What to work on: Below are some entries. Transcribe the lines from the one holding "Ngày 23/11, tại" to the one holding "Cotton Calf Length", inclusive, but not the pictures among them.

Information provided:
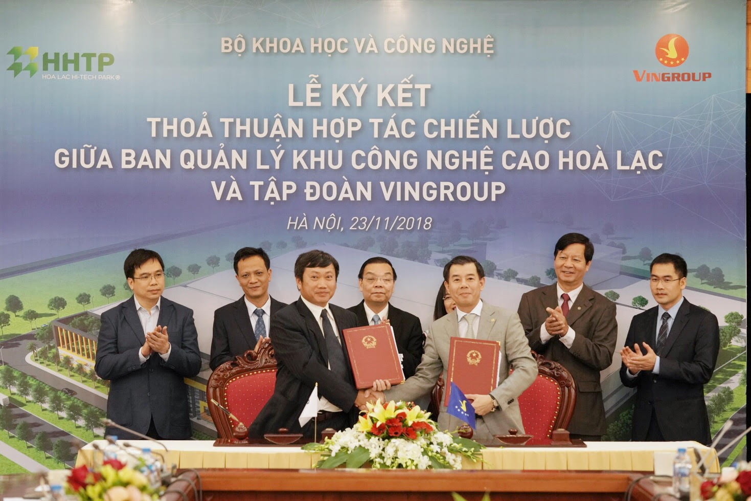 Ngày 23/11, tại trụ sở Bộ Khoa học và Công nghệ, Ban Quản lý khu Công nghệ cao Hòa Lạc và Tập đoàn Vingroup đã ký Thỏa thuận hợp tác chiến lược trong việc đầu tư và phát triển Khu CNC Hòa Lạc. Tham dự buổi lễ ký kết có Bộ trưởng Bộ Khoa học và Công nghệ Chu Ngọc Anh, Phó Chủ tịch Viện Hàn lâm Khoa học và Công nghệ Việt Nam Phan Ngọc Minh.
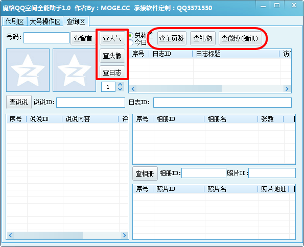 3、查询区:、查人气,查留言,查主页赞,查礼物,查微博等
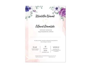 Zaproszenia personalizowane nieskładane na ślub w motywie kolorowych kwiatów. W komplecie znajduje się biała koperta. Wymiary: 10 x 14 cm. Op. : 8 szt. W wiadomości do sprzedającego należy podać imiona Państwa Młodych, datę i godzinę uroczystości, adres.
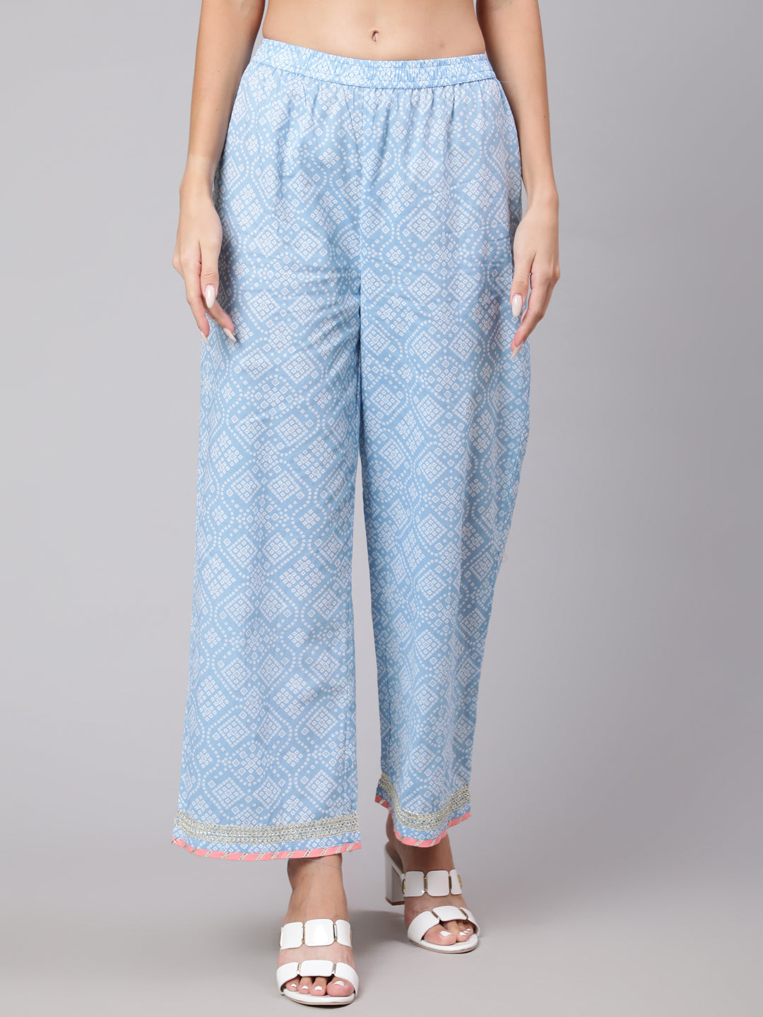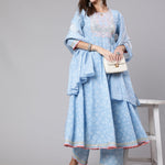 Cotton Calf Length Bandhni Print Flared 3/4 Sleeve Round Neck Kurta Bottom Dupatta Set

---

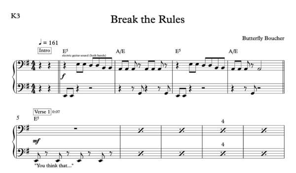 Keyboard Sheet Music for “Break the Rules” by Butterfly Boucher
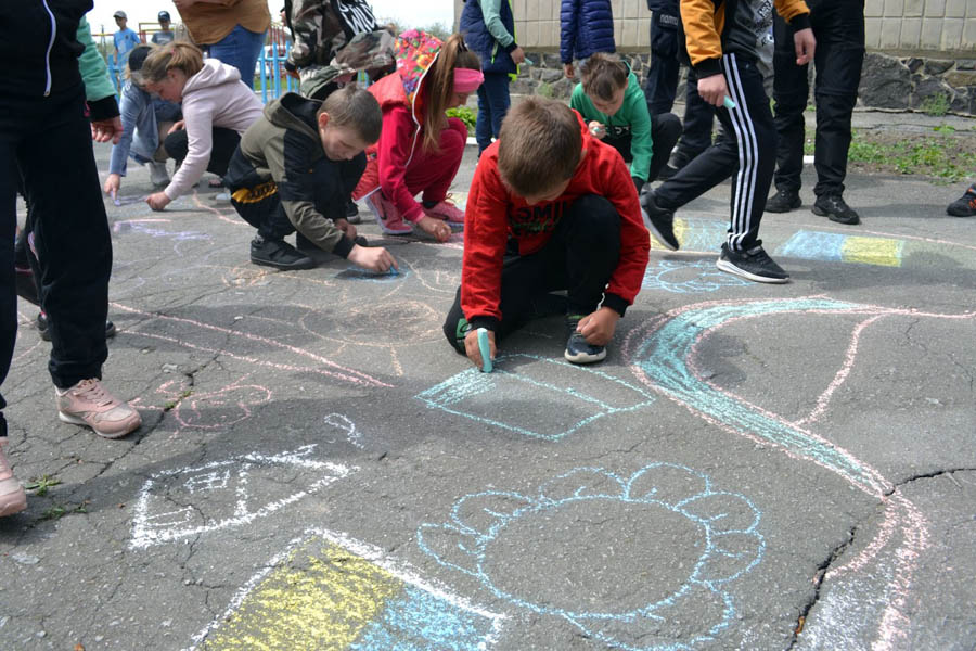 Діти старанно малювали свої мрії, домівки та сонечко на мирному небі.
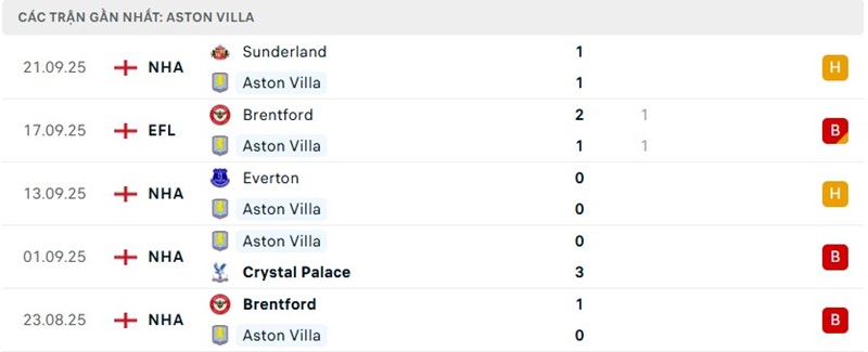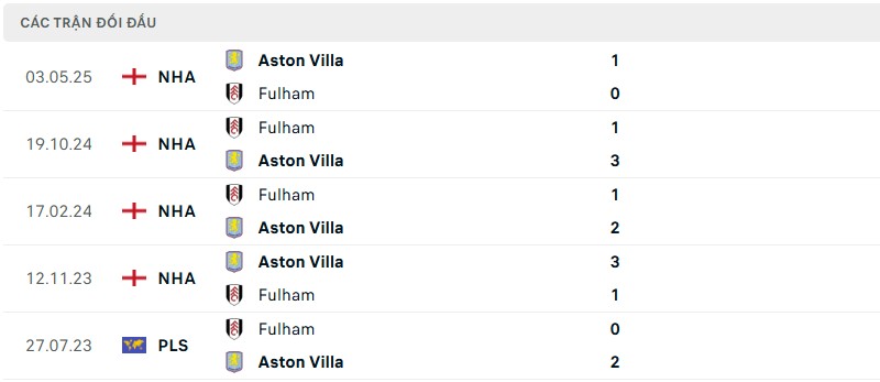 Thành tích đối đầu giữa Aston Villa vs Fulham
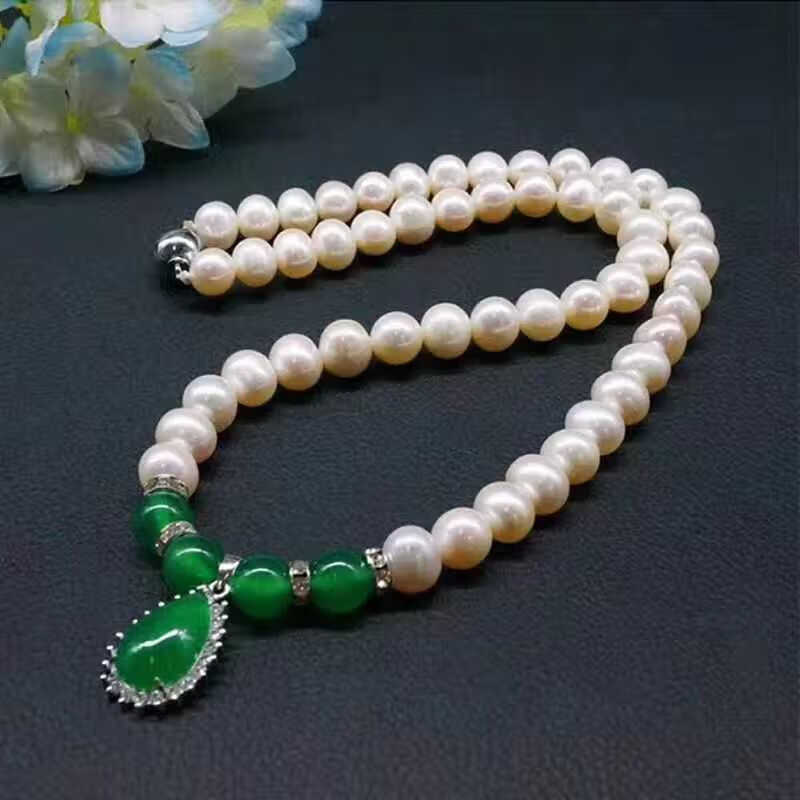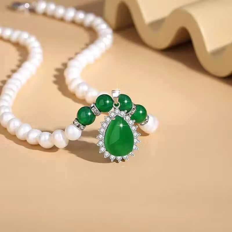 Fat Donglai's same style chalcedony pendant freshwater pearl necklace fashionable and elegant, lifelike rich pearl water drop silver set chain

==

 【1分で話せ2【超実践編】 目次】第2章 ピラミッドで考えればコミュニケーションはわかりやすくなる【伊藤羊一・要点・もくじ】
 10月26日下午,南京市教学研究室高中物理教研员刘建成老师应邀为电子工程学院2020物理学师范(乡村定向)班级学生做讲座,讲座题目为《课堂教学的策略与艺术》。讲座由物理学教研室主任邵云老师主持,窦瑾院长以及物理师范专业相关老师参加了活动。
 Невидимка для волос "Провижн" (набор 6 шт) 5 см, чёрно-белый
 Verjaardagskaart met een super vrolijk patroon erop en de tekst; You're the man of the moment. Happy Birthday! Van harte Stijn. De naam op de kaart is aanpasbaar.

Solution below:
 Ngày 23/11, tại trụ sở Bộ Khoa học và Công nghệ, Ban Quản lý khu Công nghệ cao Hòa Lạc và Tập đoàn Vingroup đã ký Thỏa thuận hợp tác chiến lược trong việc đầu tư và phát triển Khu CNC Hòa Lạc. Tham dự buổi lễ ký kết có Bộ trưởng Bộ Khoa học và Công nghệ Chu Ngọc Anh, Phó Chủ tịch Viện Hàn lâm Khoa học và Công nghệ Việt Nam Phan Ngọc Minh.
 3、查询区:、查人气,查留言,查主页赞,查礼物,查微博等
 Zaproszenia personalizowane nieskładane na ślub w motywie kolorowych kwiatów. W komplecie znajduje się biała koperta. Wymiary: 10 x 14 cm. Op. : 8 szt. W wiadomości do sprzedającego należy podać imiona Państwa Młodych, datę i godzinę uroczystości, adres.
 Cotton Calf Length Bandhni Print Flared 3/4 Sleeve Round Neck Kurta Bottom Dupatta Set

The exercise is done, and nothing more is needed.